#TBT: 1995

Popular Books Published in 1995

Notes from a Small Island / Bill Bryson

Bill Bryson’s account of the seven weeks he spent traveling through Great Britain by train and on foot. (914.10 BRY)

 

The Lost World / Michael Crichton

Six years after the disaster at Jurassic Park, rumors that something survived bring several teams of people to a deserted island off the coast of Costa Rica. (FIC CRICHTON)

 

The Rainmaker / John Grisham

The intricacies of the American legal system come alive in a tale of courtroom drama, corporate greed, intrigue, and danger. (FIC GRISHAM)

 

High Fidelity / Nick Hornby

A pop music junkie ponders life, love, and hangs out with the two offbeat clerks who work at his semi-failing record store. (FIC HORNBY)

 

Left Behind / Tim LaHaye

After millions of people around the world vanish in one moment, in what many claim to be the Rapture, Rayford Steele begins a search for the truth amidst global chaos. (FIC LAHAYE)

 

Where the Heart Is / Billie Letts

Pregnant, overweight, and convinced about her inherent bad luck, Novalee Nation hopes for a new life in a new state with her boyfriend but is dumped along the way in Oklahoma, where she finds her spirit renewed. (FIC LETTS)

 

Lies My Teacher Told Me: Everything Your American History Textbook Got Wrong / James W. Loewen

James W. Loewen, a distinguished critic of history education, puts 12 popular textbooks under the microscope. What he finds is a proliferation of blind patriotism, mindless optimism, misinformation, and flat-out lies filling the pages. (973 LOE)

Sabriel / Garth Nix

Sabriel, daughter of the necromancer Abhorsen, must journey into the mysterious and magical Old Kingdom to rescue her father from the Land of the Dead. (TEEN FIC NIX)

 

A Child Called “It” / Dave Pelzer

This book chronicles the unforgettable account of one of the most severe child abuse cases in California history.
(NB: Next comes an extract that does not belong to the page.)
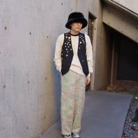 様々な柄のボタンを前面に配したインパクトのある1着。

It is the story of Dave Pelzer, who was brutally beaten and starved by his emotionally unstable, alcoholic mother: a mother who played tortuous, unpredictable games–games that left him nearly dead. He had to learn how to play his mother’s games in order to survive because she no longer considered him a son, but a slave; and no longer a boy, but an “it.” (362.76 PEL)

The Golden Compass / Philip Pullman

Accompanied by her shape-shifting daemon, Lyra Belacqua sets out to prevent her best friend and other kidnapped children from becoming the subject of gruesome experiments in the Far North. (TEEN FIC PULLMAN)

Did you know? Starbuck’s Frappuccino was released in 1995!